### [Stored data entries]
● ● ●

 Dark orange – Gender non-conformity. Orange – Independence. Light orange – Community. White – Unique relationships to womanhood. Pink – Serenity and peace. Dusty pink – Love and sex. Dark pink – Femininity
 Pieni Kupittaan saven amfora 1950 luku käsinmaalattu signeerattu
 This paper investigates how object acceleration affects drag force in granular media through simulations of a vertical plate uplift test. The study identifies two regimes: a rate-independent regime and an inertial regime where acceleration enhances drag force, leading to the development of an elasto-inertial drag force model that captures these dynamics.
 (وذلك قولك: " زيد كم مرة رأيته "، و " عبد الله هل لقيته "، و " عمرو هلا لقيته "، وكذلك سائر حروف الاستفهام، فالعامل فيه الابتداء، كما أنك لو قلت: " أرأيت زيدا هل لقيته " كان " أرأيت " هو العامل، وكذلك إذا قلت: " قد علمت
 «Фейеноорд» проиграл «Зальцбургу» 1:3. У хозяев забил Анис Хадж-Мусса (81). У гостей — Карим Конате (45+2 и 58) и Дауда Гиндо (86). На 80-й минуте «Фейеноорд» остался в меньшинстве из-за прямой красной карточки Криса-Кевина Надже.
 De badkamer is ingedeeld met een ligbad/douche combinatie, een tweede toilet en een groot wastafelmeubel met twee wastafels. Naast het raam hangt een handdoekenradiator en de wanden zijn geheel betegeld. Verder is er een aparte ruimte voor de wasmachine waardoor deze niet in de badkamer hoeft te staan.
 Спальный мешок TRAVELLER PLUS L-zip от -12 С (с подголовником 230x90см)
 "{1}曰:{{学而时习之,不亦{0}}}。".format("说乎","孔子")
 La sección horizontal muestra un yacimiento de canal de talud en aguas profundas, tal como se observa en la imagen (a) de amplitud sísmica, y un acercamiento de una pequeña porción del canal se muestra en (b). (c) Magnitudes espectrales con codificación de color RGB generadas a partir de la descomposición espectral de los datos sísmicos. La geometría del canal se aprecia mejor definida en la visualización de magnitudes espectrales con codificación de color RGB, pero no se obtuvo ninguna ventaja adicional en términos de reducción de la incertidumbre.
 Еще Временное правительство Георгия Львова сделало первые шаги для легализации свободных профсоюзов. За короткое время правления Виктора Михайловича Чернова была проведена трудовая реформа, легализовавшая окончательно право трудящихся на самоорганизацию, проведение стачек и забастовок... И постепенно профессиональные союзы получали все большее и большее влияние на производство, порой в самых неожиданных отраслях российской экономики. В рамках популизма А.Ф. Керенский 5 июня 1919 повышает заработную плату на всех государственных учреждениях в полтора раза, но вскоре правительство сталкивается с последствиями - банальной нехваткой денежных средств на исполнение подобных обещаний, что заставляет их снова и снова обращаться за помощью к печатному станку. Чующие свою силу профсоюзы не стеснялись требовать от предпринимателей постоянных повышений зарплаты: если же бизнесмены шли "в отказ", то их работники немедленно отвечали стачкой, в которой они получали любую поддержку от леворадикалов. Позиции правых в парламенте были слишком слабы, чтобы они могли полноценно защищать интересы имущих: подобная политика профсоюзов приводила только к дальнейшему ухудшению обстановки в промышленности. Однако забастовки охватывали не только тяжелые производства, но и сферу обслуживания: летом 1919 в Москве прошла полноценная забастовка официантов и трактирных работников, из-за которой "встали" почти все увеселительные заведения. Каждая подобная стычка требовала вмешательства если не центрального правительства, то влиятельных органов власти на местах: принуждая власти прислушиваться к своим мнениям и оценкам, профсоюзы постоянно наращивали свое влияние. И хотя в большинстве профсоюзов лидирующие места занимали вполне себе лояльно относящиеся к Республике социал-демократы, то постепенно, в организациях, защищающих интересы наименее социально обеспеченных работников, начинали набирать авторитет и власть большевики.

● ● ●

### [Exercise]
Write out every entry again, keeping each line exactly the same.

### [Solved exercise]
 Dark orange – Gender non-conformity. Orange – Independence. Light orange – Community. White – Unique relationships to womanhood. Pink – Serenity and peace. Dusty pink – Love and sex. Dark pink – Femininity
 Pieni Kupittaan saven amfora 1950 luku käsinmaalattu signeerattu
 This paper investigates how object acceleration affects drag force in granular media through simulations of a vertical plate uplift test. The study identifies two regimes: a rate-independent regime and an inertial regime where acceleration enhances drag force, leading to the development of an elasto-inertial drag force model that captures these dynamics.
 (وذلك قولك: " زيد كم مرة رأيته "، و " عبد الله هل لقيته "، و " عمرو هلا لقيته "، وكذلك سائر حروف الاستفهام، فالعامل فيه الابتداء، كما أنك لو قلت: " أرأيت زيدا هل لقيته " كان " أرأيت " هو العامل، وكذلك إذا قلت: " قد علمت
 «Фейеноорд» проиграл «Зальцбургу» 1:3. У хозяев забил Анис Хадж-Мусса (81). У гостей — Карим Конате (45+2 и 58) и Дауда Гиндо (86). На 80-й минуте «Фейеноорд» остался в меньшинстве из-за прямой красной карточки Криса-Кевина Надже.
 De badkamer is ingedeeld met een ligbad/douche combinatie, een tweede toilet en een groot wastafelmeubel met twee wastafels. Naast het raam hangt een handdoekenradiator en de wanden zijn geheel betegeld. Verder is er een aparte ruimte voor de wasmachine waardoor deze niet in de badkamer hoeft te staan.
 Спальный мешок TRAVELLER PLUS L-zip от -12 С (с подголовником 230x90см)
 "{1}曰:{{学而时习之,不亦{0}}}。".format("说乎","孔子")
 La sección horizontal muestra un yacimiento de canal de talud en aguas profundas, tal como se observa en la imagen (a) de amplitud sísmica, y un acercamiento de una pequeña porción del canal se muestra en (b). (c) Magnitudes espectrales con codificación de color RGB generadas a partir de la descomposición espectral de los datos sísmicos. La geometría del canal se aprecia mejor definida en la visualización de magnitudes espectrales con codificación de color RGB, pero no se obtuvo ninguna ventaja adicional en términos de reducción de la incertidumbre.
 Еще Временное правительство Георгия Львова сделало первые шаги для легализации свободных профсоюзов. За короткое время правления Виктора Михайловича Чернова была проведена трудовая реформа, легализовавшая окончательно право трудящихся на самоорганизацию, проведение стачек и забастовок... И постепенно профессиональные союзы получали все большее и большее влияние на производство, порой в самых неожиданных отраслях российской экономики. В рамках популизма А.Ф. Керенский 5 июня 1919 повышает заработную плату на всех государственных учреждениях в полтора раза, но вскоре правительство сталкивается с последствиями - банальной нехваткой денежных средств на исполнение подобных обещаний, что заставляет их снова и снова обращаться за помощью к печатному станку. Чующие свою силу профсоюзы не стеснялись требовать от предпринимателей постоянных повышений зарплаты: если же бизнесмены шли "в отказ", то их работники немедленно отвечали стачкой, в которой они получали любую поддержку от леворадикалов. Позиции правых в парламенте были слишком слабы, чтобы они могли полноценно защищать интересы имущих: подобная политика профсоюзов приводила только к дальнейшему ухудшению обстановки в промышленности. Однако забастовки охватывали не только тяжелые производства, но и сферу обслуживания: летом 1919 в Москве прошла полноценная забастовка официантов и трактирных работников, из-за которой "встали" почти все увеселительные заведения. Каждая подобная стычка требовала вмешательства если не центрального правительства, то влиятельных органов власти на местах: принуждая власти прислушиваться к своим мнениям и оценкам, профсоюзы постоянно наращивали свое влияние. И хотя в большинстве профсоюзов лидирующие места занимали вполне себе лояльно относящиеся к Республике социал-демократы, то постепенно, в организациях, защищающих интересы наименее социально обеспеченных работников, начинали набирать авторитет и власть большевики.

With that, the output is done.